16.根据权利要求15所述的组合物，其进一步包含佐剂。

17.根据权利要求16所述的组合物，其中所述佐剂是ISCOMATRIX®。

18.在患者中诱导针对CMV的免疫应答的方法，其包括给所述患者施用免疫学上有效量的权利要求15-17中的任一项所述的组合物。

19.根据权利要求18所述的方法，其中所述免疫应答是患者中针对CMV感染的保护性免疫应答。

20.根据权利要求18-19中的任一项所述的方法，其中所述CMV感染是原发性感染、复发性感染或重叠感染。

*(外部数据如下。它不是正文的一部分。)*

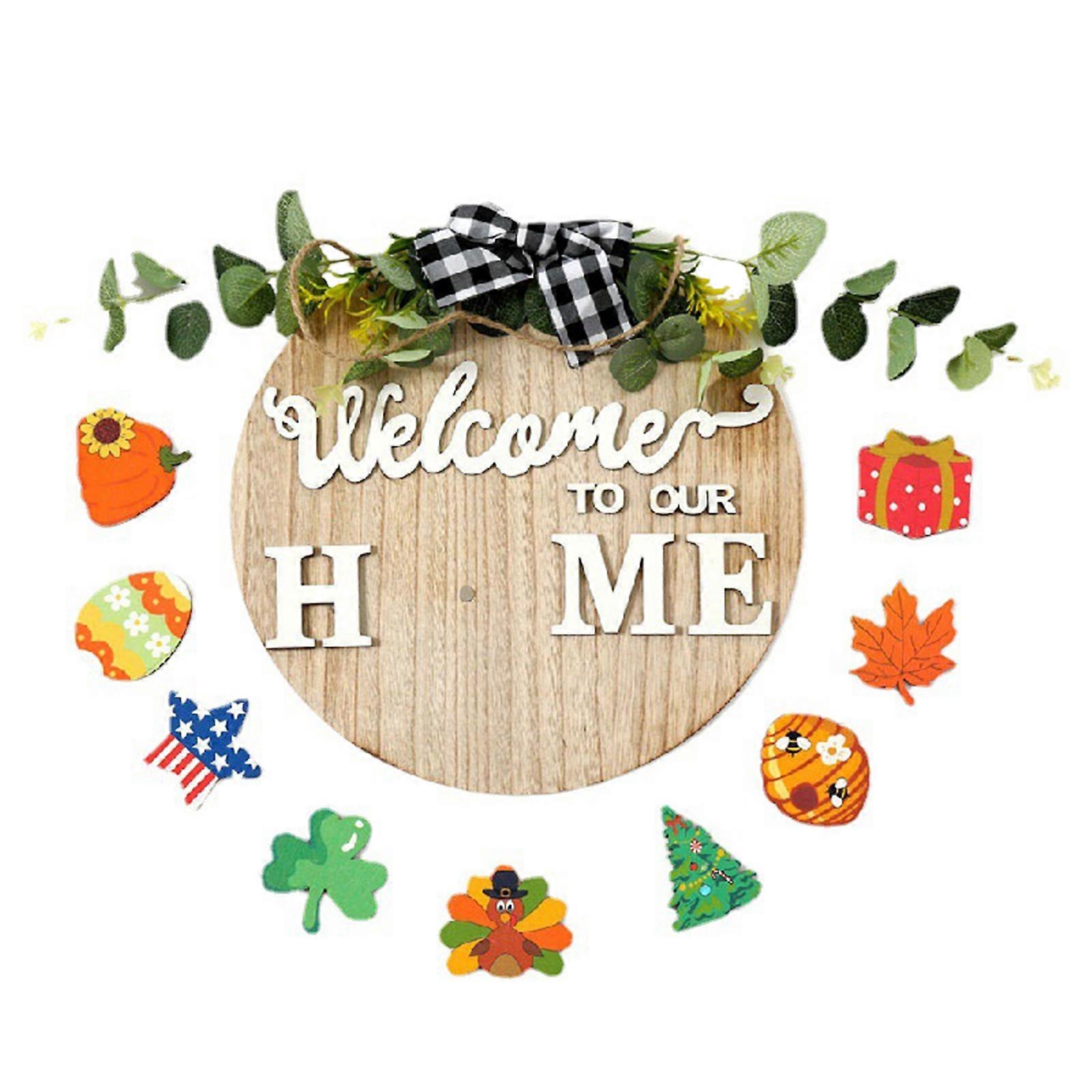 Wooden Guest Welcome Sign Front Door Wood Round Hanging Sign Guest Welcome Sign + Seasonal Small Country Porch Signs Front Door Door DecorFeaturesThe Front Door Guest Welcome Sign is made of 12 inches diameter wood, with a lanyard for easy hanging. The interchangeable welcome card is handmade, with fabric bows, eucalyptus wooden boards, and interchangeable signs. With 9 types of cute signs to use, 9 types of cute signs cover almost all seasons and festivals. There are magnets on the back of the logo and on the plate for easy installation. The interchangeable welcome sign printed with welcome to our home is the perfect sign to welcome family and guests. At the same time, she can also decorate her home, adding a warm and joyful atmosphere to her home. Specification-Color: As shown-Material: Wood-Diameter: 30cm/12inch-Hanging rope height: 16cm/6.3inNote:Please allow 1-3cm (0.4-1.18") difference due to manual measurement and slight color change for different display setting. Packing List: 1 * Guest Welcome Sign9 * Interchangeable Seasonal Small Signs
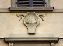 At the centre of the front is a shield with the coat of arms of the Strozzi family, without enamels (at the fascia charged with three growing faces in band), to which the building belonged, as on the other hand did all the factories on this side of the piazza.[1]
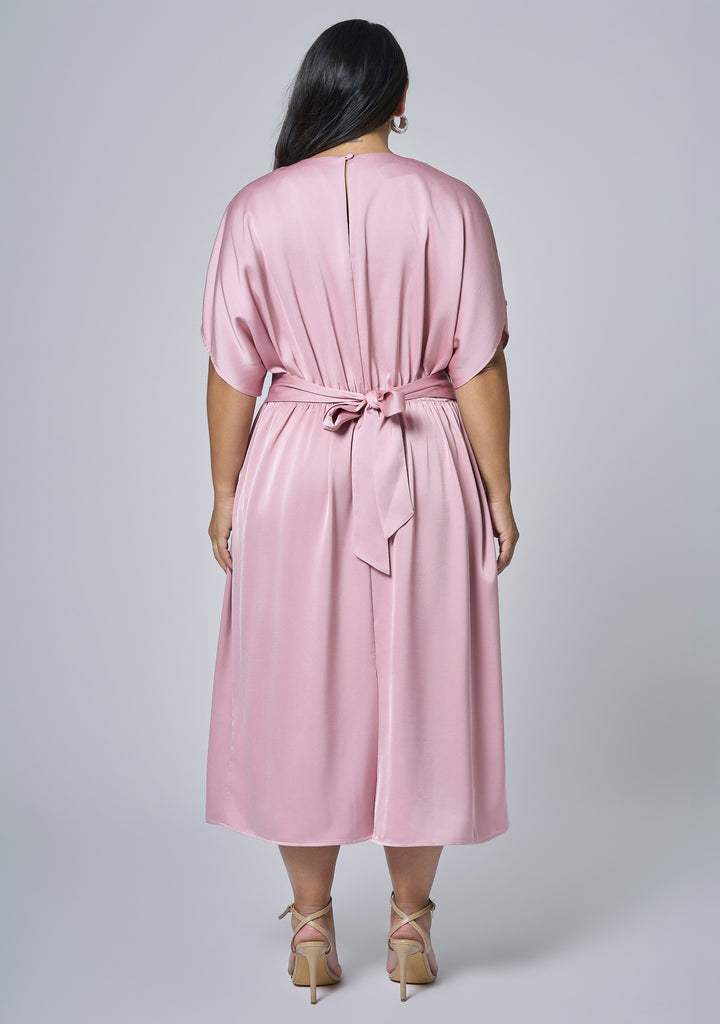 Satin sophistication defines the Lust Unleashed Satin Midi Dress by Pink Dusk, with its luxe drape and high neckline. It’s a statement in elegance with a tie waist that flatters the form.
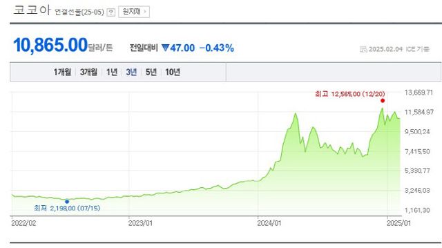 초콜릿 주 원료인 코코아는 시세 폭등 후 안정세를 찾지 못하고 있다. 지난해 12월 20일 기준 코코아 선물가격은 t당 1만 2565달러(ICE 선물거래소 기준)를 기록해 역대 최고치를 다시 한번 경신했다.
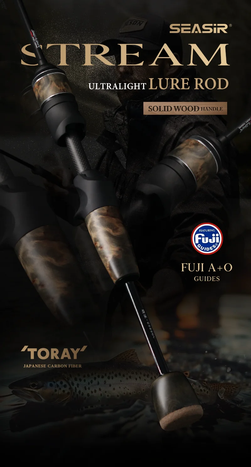 La caña Stream comienza con una increíble fibra de carbono liviana de alta resistencia TORAY 40t, un asiento de carrete liviano y competitivo, que no solo garantiza la resistencia general, la sensibilidad y la precisión, sino que también proporciona una caña de pescar más liviana para mantener el flujo de potencia, 5 pies pesa sólo 78-86 g.Diseño ultraligero que no se sentirá cansado incluso después de un uso prolongado.
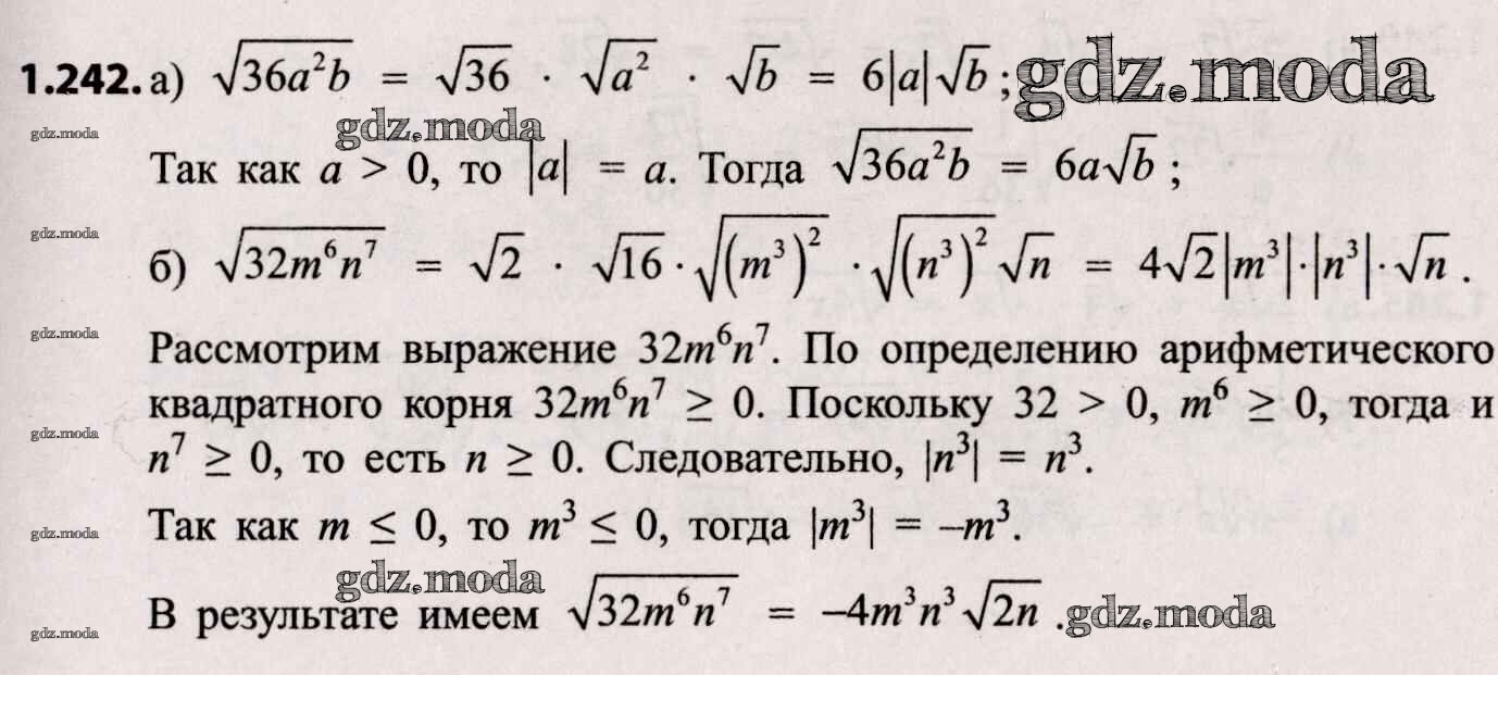 ОТВЕТ на задание № 1.242 Учебник по Алгебре 8 класс Арефьева
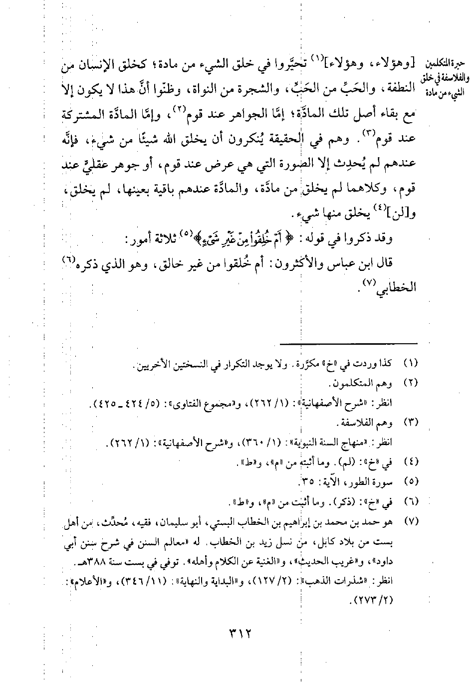 [وهؤلاء، وهؤلاء] 1 تحيّروا في خلق الشيء من مادة؛ كخلق الإنسان من النطفة، والحب من الحب، والشجرة من النواة، وظنّوا أنّ هذا لا يكون إلا مع بقاء أصل تلك المادّة؛ إمّا الجواهر عند قوم2، وإمّا المادّة المشتركة عند قوم3. وهم في الحقيقة يُنكرون أن يخلق الله شيئاً من شيء؛ فإنّه عندهم لم يُحدِث إلا الصورة التي هي عرض عند قوم، أو جوهر عقليّ عند قوم. وكلاهما لم يخلق من مادّة، والمادّة عندهم باقية بعينها، لم يخلق، و [لن] 4 يخلق منها شيء.
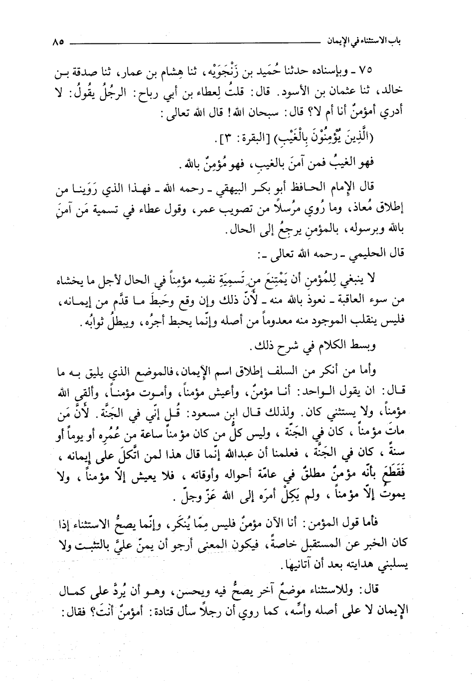 و أما من أنكر من السلف إطلاق اسم الإيمان فالموضع الذي يليق به ما قال : أن يقول الواحد : أنا مؤمن و أعيش مؤمنا و أموت مؤمنا و ألقى الله مؤمنا و لا يستثني كان و لذلك قال ابن مسعود : قل إني في الجنة لأن من مات مؤمنا كان في الجنة و ليس كل من كان مؤمنا ساعة من عمره أو يوما أو سنة كان في الجنة فعلمنا أن عبد الله إنما قال هذا لمن اتكل على إيمانه فقطع بأنه مؤمن مطلق في عامة أحواله و أوقاته فلا يعيش إلا مؤمنا و لا يموت إلا مؤمنا و لم يكل أمره إلى الله عز و جل

21.根据权利要求18-20中的任一项所述的方法，其中所述患者是人。

22.根据权利要求21所述的方法，其中所述患者具有减弱的免疫。

23.根据权利要求22所述的方法，其中所述具有减弱的免疫的患者具有HIV或AIDS，或者是移植受体。

24.根据权利要求21所述的方法，其中所述患者是育龄女性。

25.根据权利要求1-14中的任一项所述的条件性复制缺陷型CMV在药物制造中的用途，所述药物用于在患者中诱导针对CMV感染的保护性免疫应答。

26.根据权利要求1-14中的任一项所述的条件性复制缺陷型CMV，其用于药剂来治疗患者中的CMV感染。

27.制备根据权利要求2-14中的任一项所述的条件性复制缺陷型CMV的方法，其包括在有Shield-1存在下，在上皮细胞中繁殖重组CMV。

28.根据权利要求27所述的方法，其中所述上皮细胞是人视网膜色素上皮细胞。

29.根据权利要求28所述的方法，其中所述人视网膜色素上皮细胞是作为登记号CRL-2302保藏在美国典型培养物保藏中心(ATCC)的ARPE-19细胞。

30.根据权利要求27所述的方法，其中所述Shield-1以至少0.5µM的浓度存在。

31.根据权利要求30所述的方法，其中所述Shield-1以至少2µM的浓度存在。

32.制备权利要求15-17中的任一项所述的组合物的方法，其包括：

(a) 在向培养基中加入了Shield-1的情况下，在上皮细胞上繁殖所述条件性复制缺陷型CMV；

(b) 从所述培养基收集所述条件性复制缺陷型CMV；

(c) 从所述条件性复制缺陷型CMV基本上去除Shield-1；和

(d) 将药学上可接受的载体加入到所述条件性复制缺陷型CMV中。

33.根据权利要求32所述的方法，其中所述上皮细胞是人视网膜色素上皮细胞。

34.根据权利要求33所述的方法，其中所述人视网膜色素上皮细胞是作为登记号CRL-2302保藏在美国典型培养物保藏中心(ATCC)的ARPE-19细胞。

35.根据权利要求32所述的方法，其中在步骤(a)过程中，Shield-1以至少0.5µM的浓度存在于所述培养基中。

36.根据权利要求35所述的方法，其中在步骤(a)过程中，Shield-1以至少2µM的浓度存在于所述培养基中。

37.根据权利要求32所述的方法，其中所述去除为通过超速离心或渗滤。

38.根据权利要求32所述的方法，其中所述去除将Shield-1降低至0.1µM以下。

39.组合物，其包含在pH 5-7之间的缓冲液中的根据权利要求1-14中的任一项所述的条件性复制缺陷型CMV，所述缓冲液包含：

(a) 15-35 mM之间的组氨酸；和

(b) 100-200 mM之间的NaCl。

40.根据权利要求39所述的组合物，其进一步包含5-15% 之间的蔗糖。

41.根据权利要求38-39中的任一项所述的组合物，其中所述缓冲液在pH 6包含25 mM组氨酸和150 mM NaCl。

42.根据权利要求41所述的组合物，其进一步包含9% w/v的蔗糖。

43.SEQ ID NO:14的核酸。